** Supplied material **
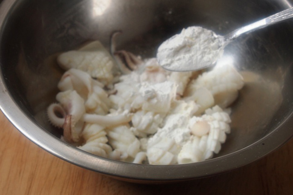 Bước 1: Mực rửa sạch, lột vỏ ngoài, xắt thành miếng. Thêm bột bắp vào trộn đều với mực.
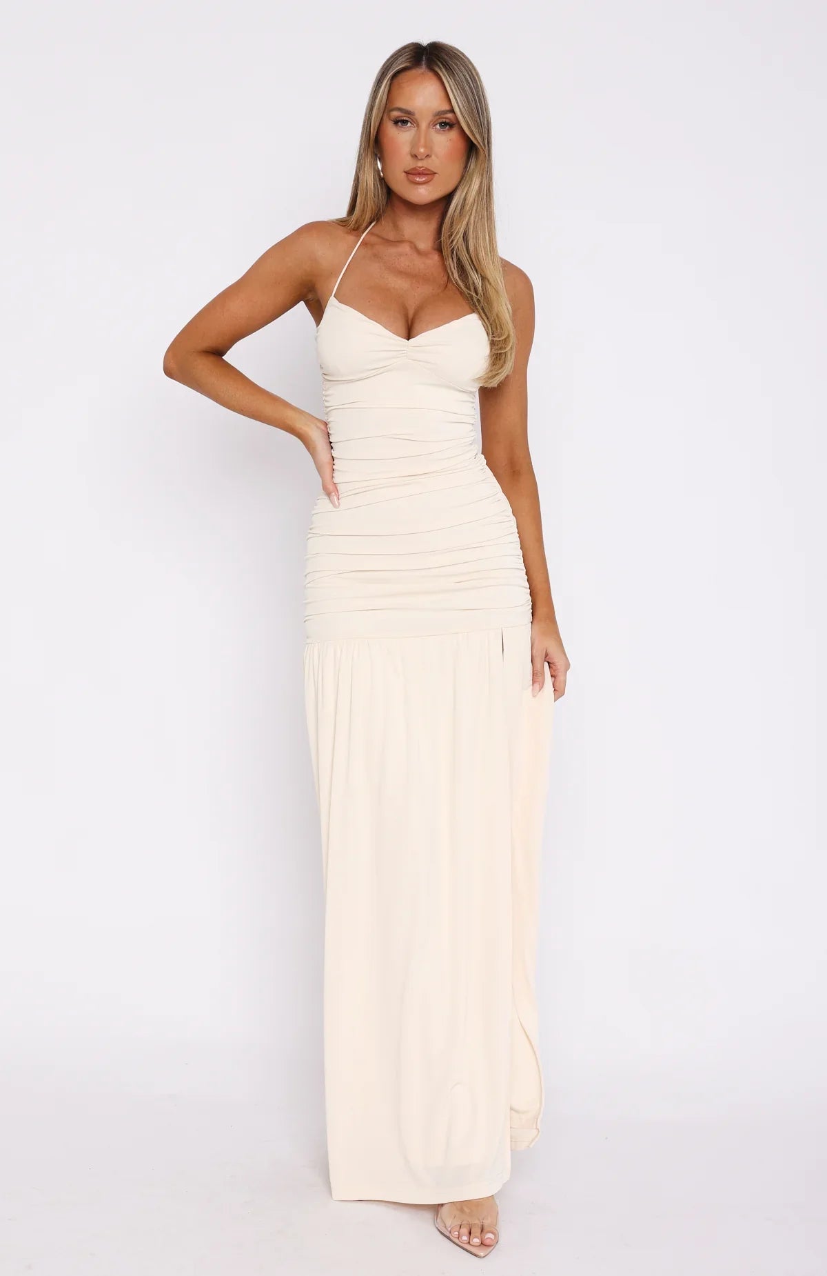 A vacay dream! The Sweet Skies Maxi Dress Cream features a halter style neckline with thin self-tie straps, low cut neckline, front ruched bust detail and dress bodice, hugging silhouette, maxi drop skirt with high cut split hem design, lined fabric, and stretch for a slip on design. Pair with kitten heels and simple accessories to let the dress do all the talking.
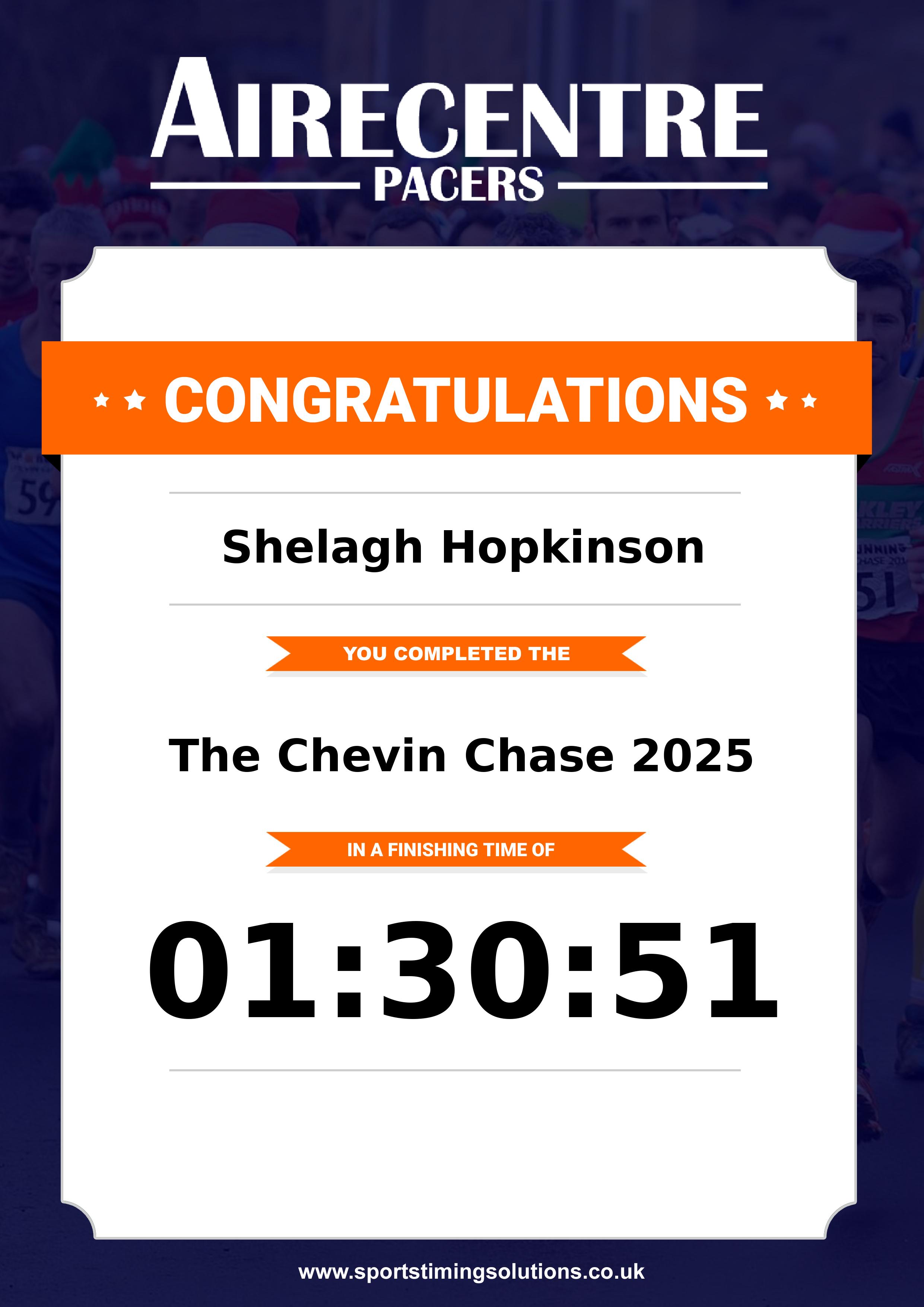 Congratulations Shelagh Hopkinson after completing The Chevin Chase 2025 why not remember your accomplishment by purchasing our unique professionally printed, high quality 11oz race results mug. Keep that lasting memory forever. All of our race mugs mugs are personally designed and made to order and ready to deliver within 5–10 business days. Although our mugs are dishwasher safe the high temperatures of the dishwasher can fade the images. We advise handwashing only.Delivery is £3.50 Includes P&P. We only deliver within the UK

** Task requirements **
The line containing "A vacay dream!" marks the end: retype every line from the first one in the listing up to and including it, without pictures.

** Result **
 Bước 1: Mực rửa sạch, lột vỏ ngoài, xắt thành miếng. Thêm bột bắp vào trộn đều với mực.
 A vacay dream! The Sweet Skies Maxi Dress Cream features a halter style neckline with thin self-tie straps, low cut neckline, front ruched bust detail and dress bodice, hugging silhouette, maxi drop skirt with high cut split hem design, lined fabric, and stretch for a slip on design. Pair with kitten heels and simple accessories to let the dress do all the talking.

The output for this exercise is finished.